В. Чаплин― Ну, давайте. А что я могу сделать? А что я могу сделать за эту взятку такого, что было бы на пользу господину Венедиктову или «Эху Москвы», за что мне можно дать взятку, объясните мне.

А. Венедиктов― Но все-таки, о больших подарках, о дорогих подарках, которые видны, которые видны на экране.

В. Чаплин― Взяток нет. Периодически делаются какие-то подарки. Вот мне очень много всего дарят под Новый год, к Рождеству и уж, по крайней мере, к Пасхе я это все кому-то раздариваю.

А. Венедиктов― Передариваете.

В. Чаплин― Передариваю. Этого я вам не говорил, потому что это тайна от тех, кто это все мне дарит, но это обычно не аудитория «Эха Москвы».

А. Венедиктов― Понятно, отец Всеволод, тем не менее, дорогие часы, я говорю, то, что видно, да? Мы помним эту историю с патриархом с часами. Вот насколько, вы считаете, это правильно, когда священнослужитель, даже самый высокий, или епископ, неважно, это же не облачение, это не часть облачения.

В. Чаплин― Ну, если что-то дарят, я считаю, что можно это принимать, и, как правило, ведь это не становится какой-то частью личного обихода, вот очень часто все передаривают подарки другим. Например, если брать священнические кресты – у меня нет ни одного креста, который бы я купил сам или заказал где-нибудь. Это все подарено. Сколько они стоят, я не знаю. А, возможно, некоторые стоят достаточно много. А какие-то я сам кому-то передарил. Я никогда не интересовался, сколько они стоят и из чего они сделаны. Вот не знаю просто. Вот у меня крест, его мне подарил митрополит киевский Владимир покойный в Киеве, я думаю, что он достаточно дешевый, но я думаю, что есть кресты, которые являются достаточно дорогими.

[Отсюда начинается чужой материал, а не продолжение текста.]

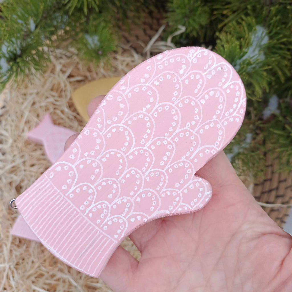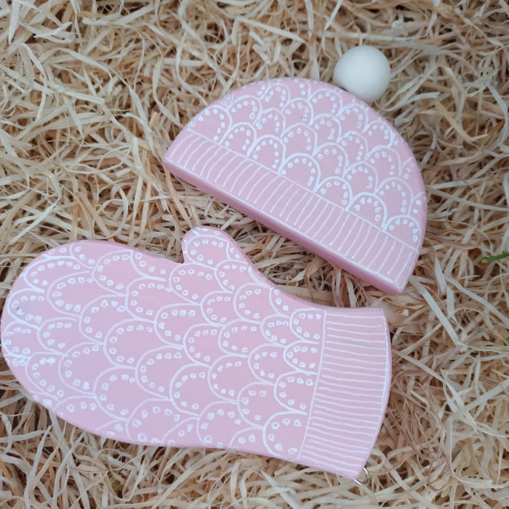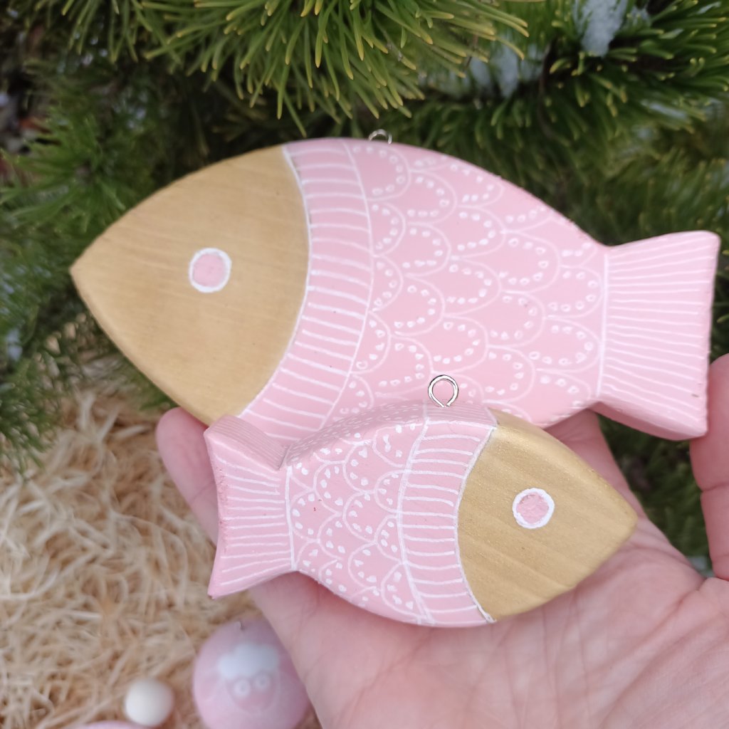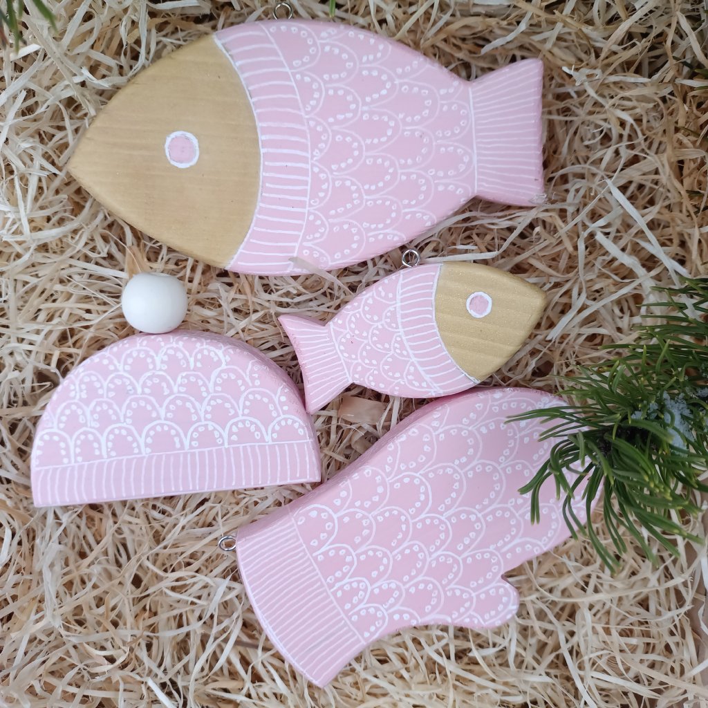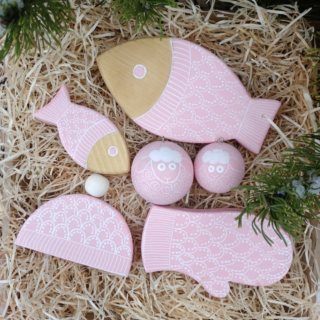 Sada dřevěných ozdob s originálním ručně kresleným vzorem pleteného růžového svetru. Dodáváme zabaleno v papírové krabičce. Na výběr je velká nebo malá sada. Malá sada obsahuje 4 kusy - malá ryba, velká ryba, čepice a rukavice. Ve velké sadě je 6 kusů - malá ryba, velká ryba, čepice, rukavice, malá a velká ovečka. Všechny tvary mají očko pro zavěšení na stromeček nebo věnec.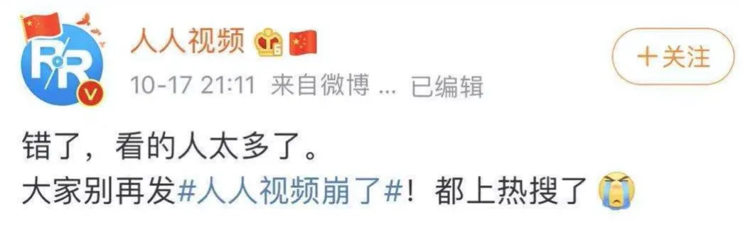这周四晚《致命女人》最后一集播出,人人视频还崩溃了。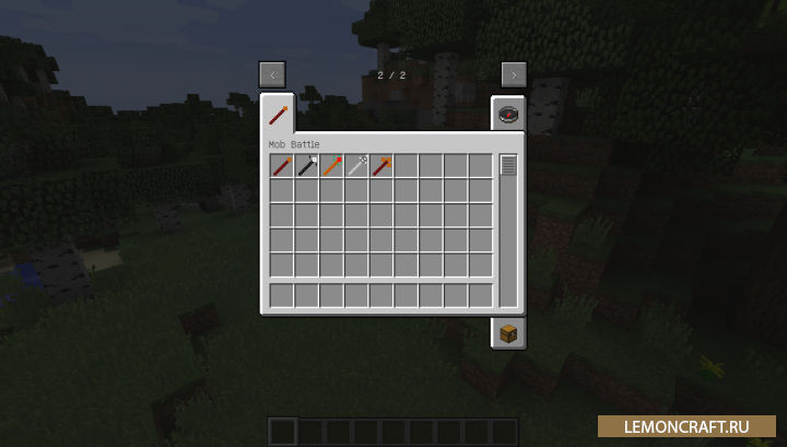 С помощью мода Mob Battle вы сможете устраивать настоящие битвы между мобами. При этом стравливать можно не только отдельных особей, но и бросить толпу на толпу. Для выполнения данных функций вы получаете специальные палочки. Одна предназначена для стравливания мобов между собой. Вторая нужна для того, что бы привести их в порядок после битвы.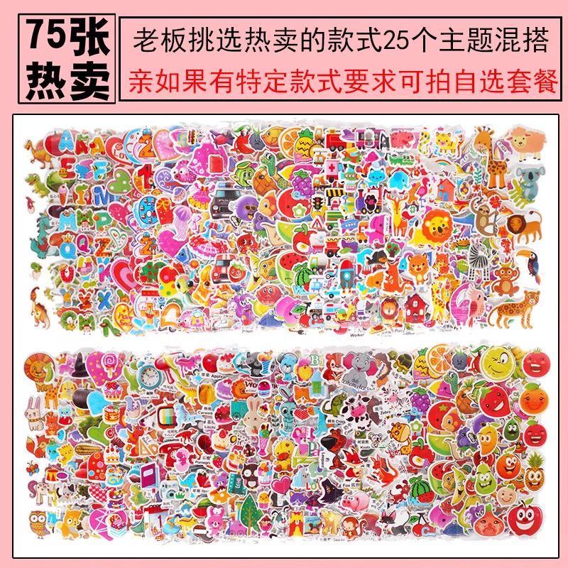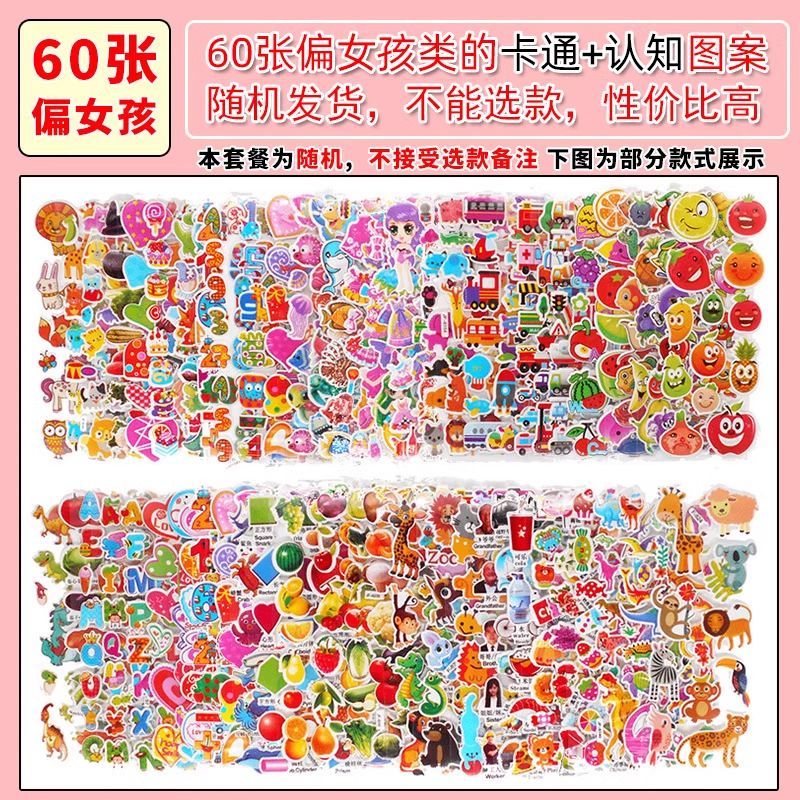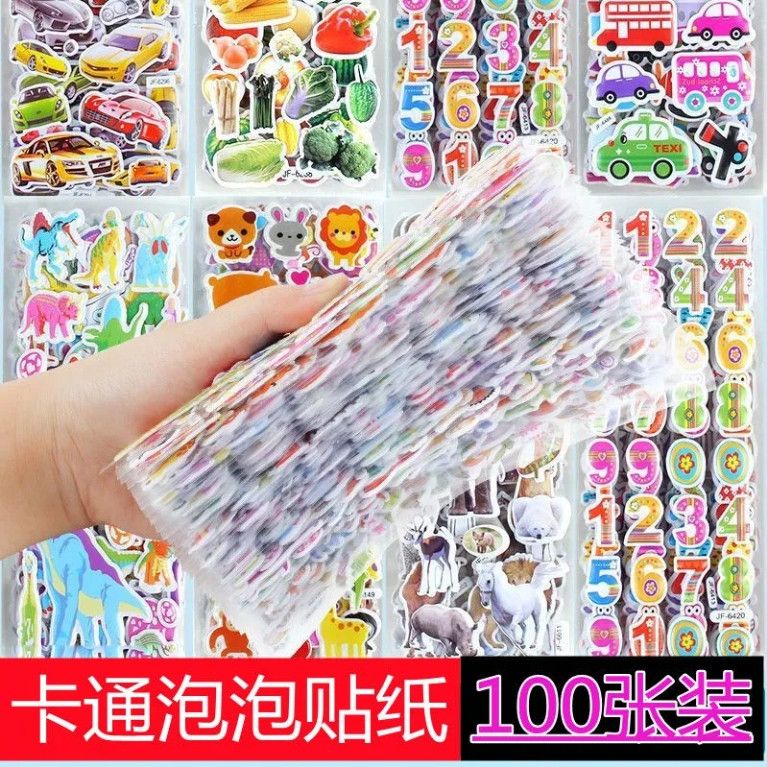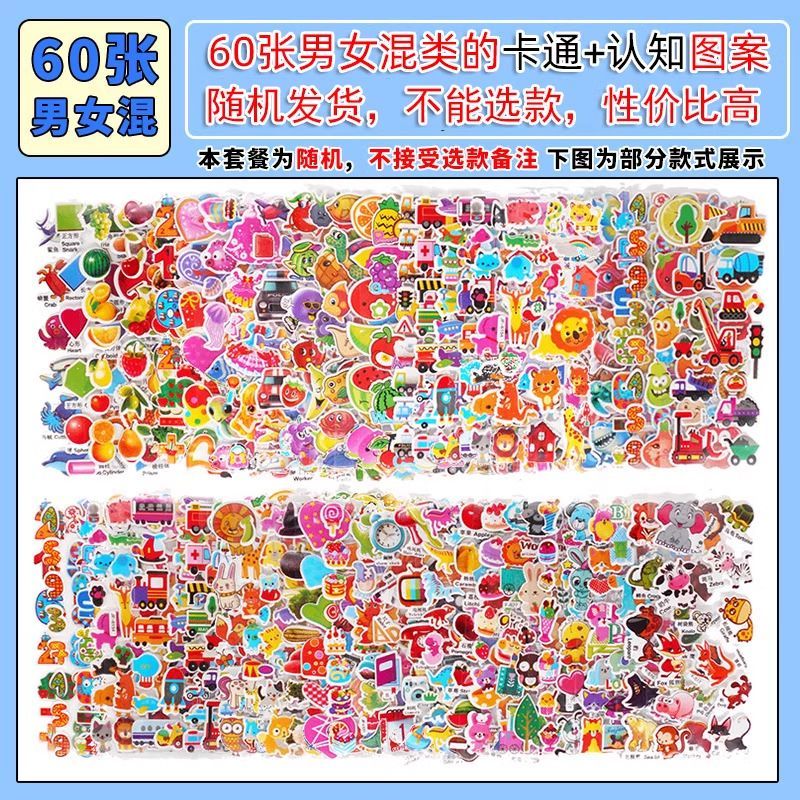 儿童贴纸男女孩卡通泡泡贴画小公主奥特曼3D立体动漫泡泡贴纸奖励
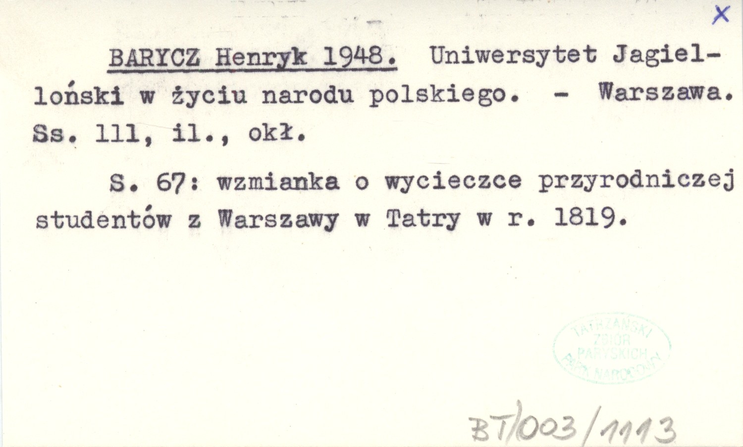BARYCZ Henryk 1948 Uniwersytet Jagielloński w życiu narodu polskiego.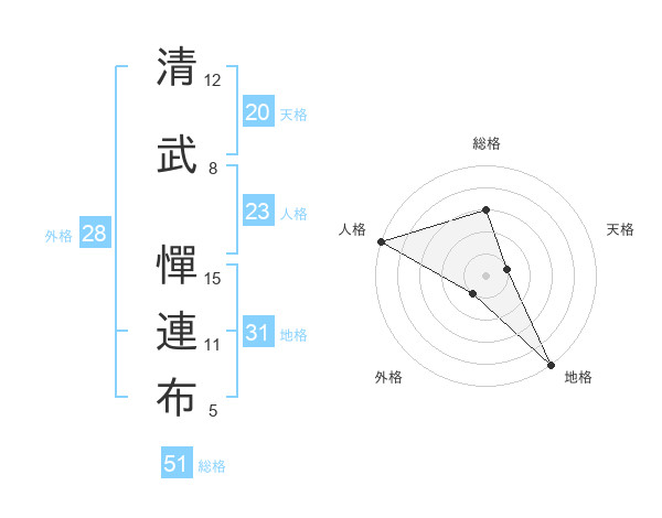 清武 憚連布さんの人格は23画の5点!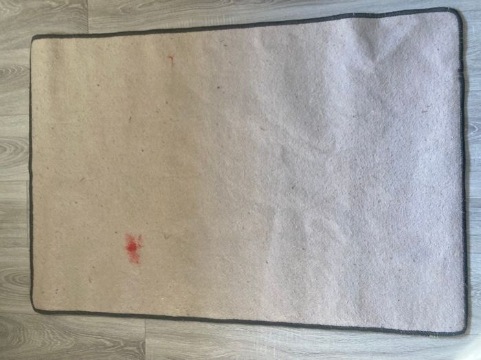 Tapis, enfants, thème voiture. En bon état sur les motifs en revanche derrière une grosse tache rouge et une petite rouge qui ne part pas.
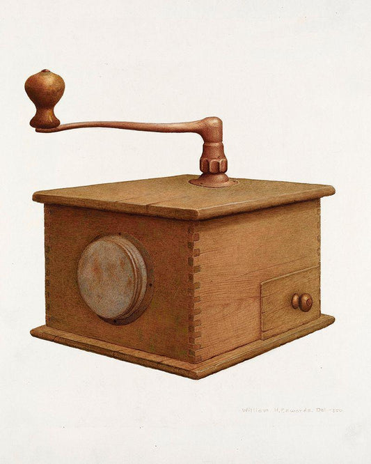 Coffee Grinder 1940 White Modern Wood Framed Art Print with Double Matting by Edwards, William H.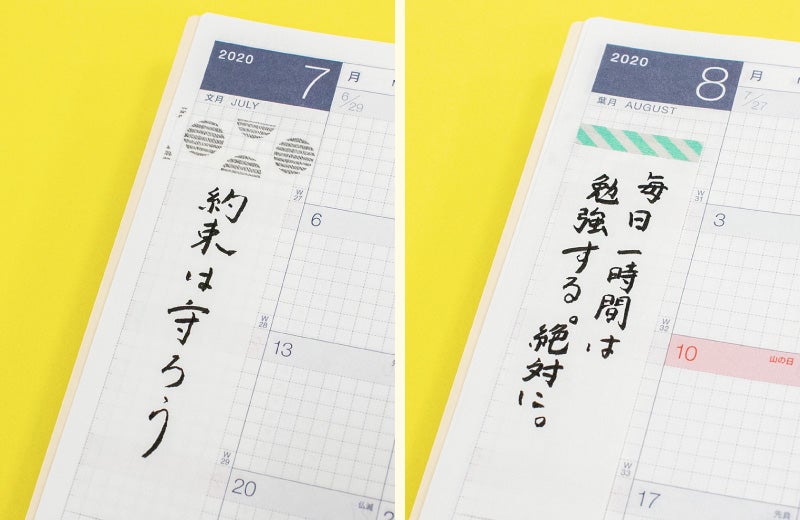かきぞめ気分で目標や好きな言葉を書いて手帳に貼ったり、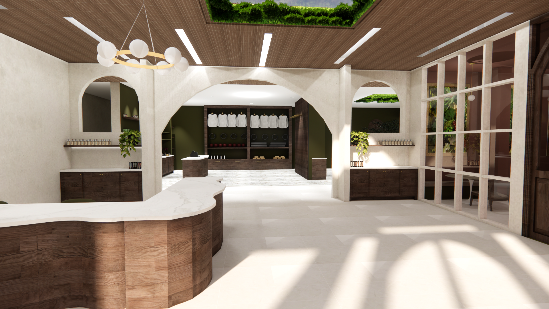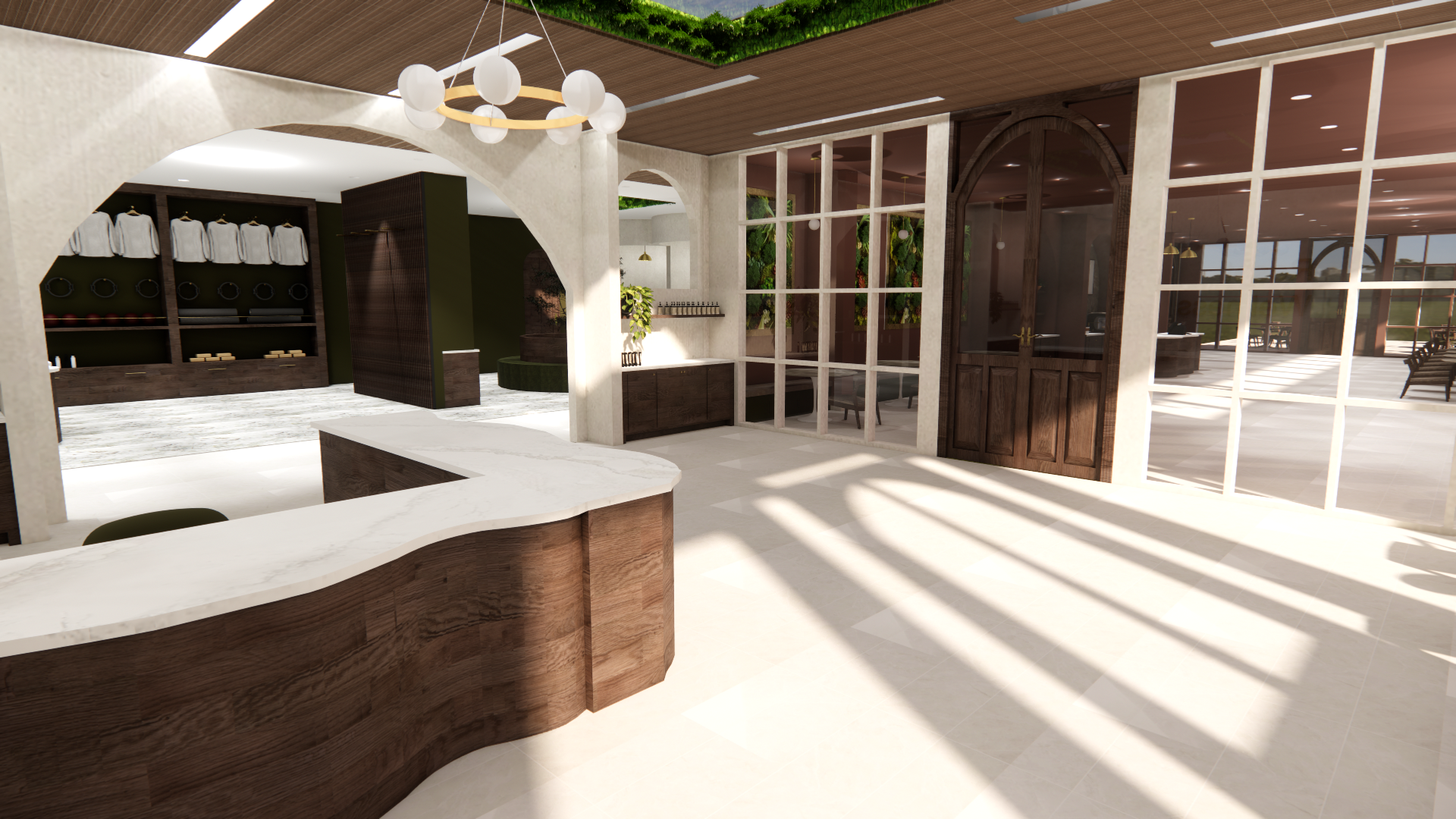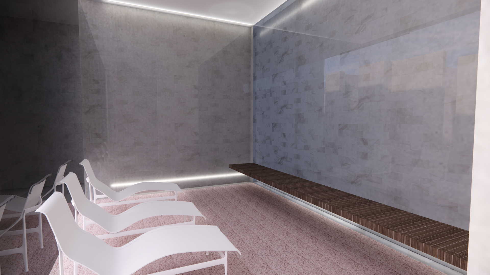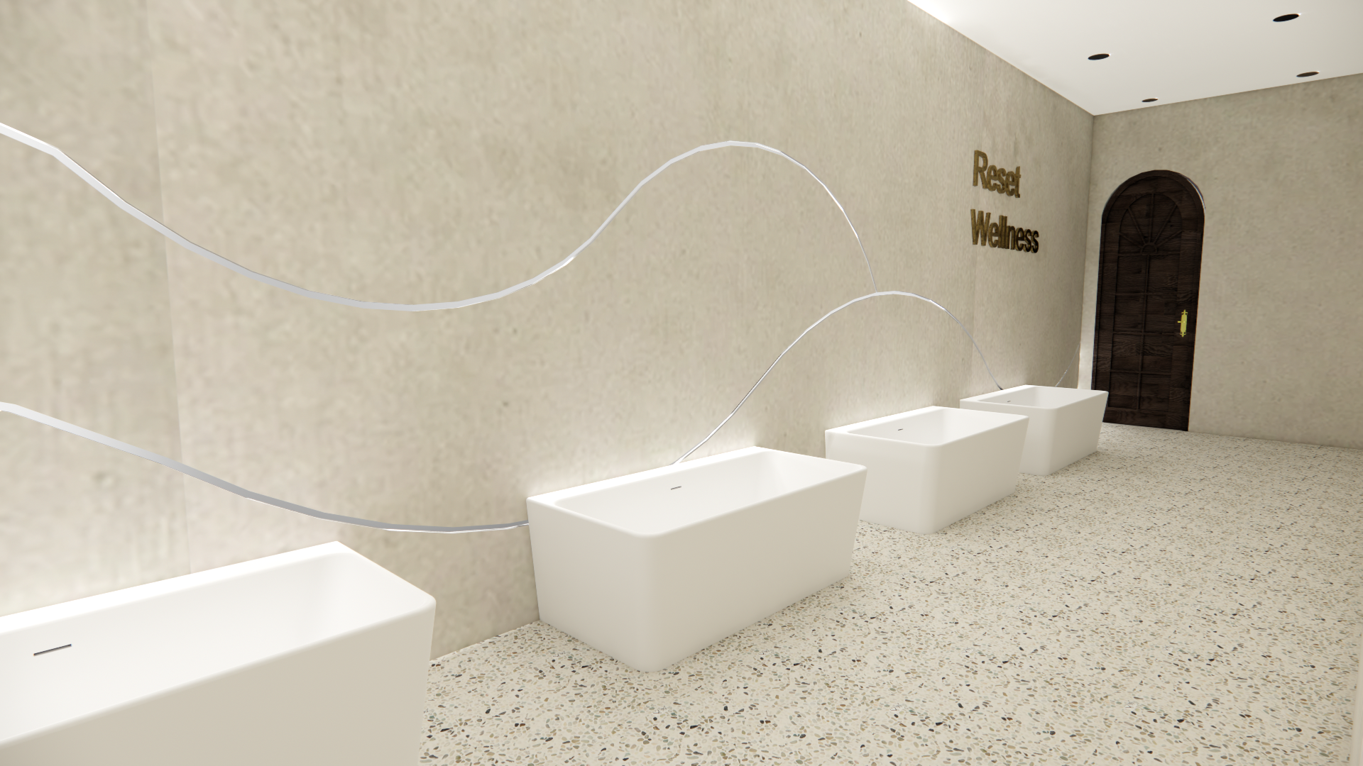 This section features renderings created in Enscape for the Reset Wellness Commercial project. Using the SketchUp model as a base, Enscape allowed me to apply materials, refine lighting, and create realistic visualizations of the interior spaces. These renderings demonstrate my ability to enhance a digital model with atmosphere, texture, and lighting to communicate the overall design concept and mood of the home.

А. Венедиктов― Церковь как институт бедна в России? Русская Православная Церковь Московского патриархата.

В. Чаплин― Да, она беднее большинства крупных компаний. Она, конечно, гораздо беднее государства.

А. Венедиктов― Ну, вы сравнили – Газпром, Лукойл…

В. Чаплин― Ну, да, конечно. Она беднее крупных образовательных систем, связанных с большими деньгами, таких, как Высшая школа экономики или иные такие вузы системы.

А. Венедиктов― Что-то я сомневаюсь, чтобы Русская Православная Церковь была беднее какого-то института.

В. Чаплин― Да, да, вы знаете, я имею в виду вот эти вузы системы, где люди получают достаточно большие зарплаты, где есть сотни, если не тысячи действующих штатных единиц. Но на самом деле в церкви очень много денег, которые сразу же уходят куда-то.

А. Венедиктов― Да, расскажите. А можете бюджет прихода рассказать?

В. Чаплин― Да, пожалуйста. Мы получаем около миллиона рублей и около 800 тысяч тратим на коммуналку и зарплату. То есть, вот остается 200 тысяч. При этом нужно восстанавливать здание, оно у нас обсыпается потихонечку, потому что ремонт в 90-е годы делался не самым лучшим образом. У нас есть еще один большой ремонт. И на самом деле эти средства мы должны зарабатывать сами.

А. Венедиктов― Как?

В. Чаплин― Иногда появляются спонсоры. Иногда приходится ходить с протянутой рукой. Очень редко что-то дают быстро. Знаете, у меня здесь бывали разные люди, в том числе достаточно известные в мире бизнеса. Почти никто ничего не дал. Вот так скажем. И от московских властей или от федеральных властей тоже почти ничего не было. Может быть, один раз что-то от Москвы подкинули на организацию подсветки в храме. Так что, если кто-то что-то жертвует, на самом деле люди жертвуют достаточно часто, почти все это куда-то уходит, так что не остается даже на ремонт или на какие-то еще текущие нужды.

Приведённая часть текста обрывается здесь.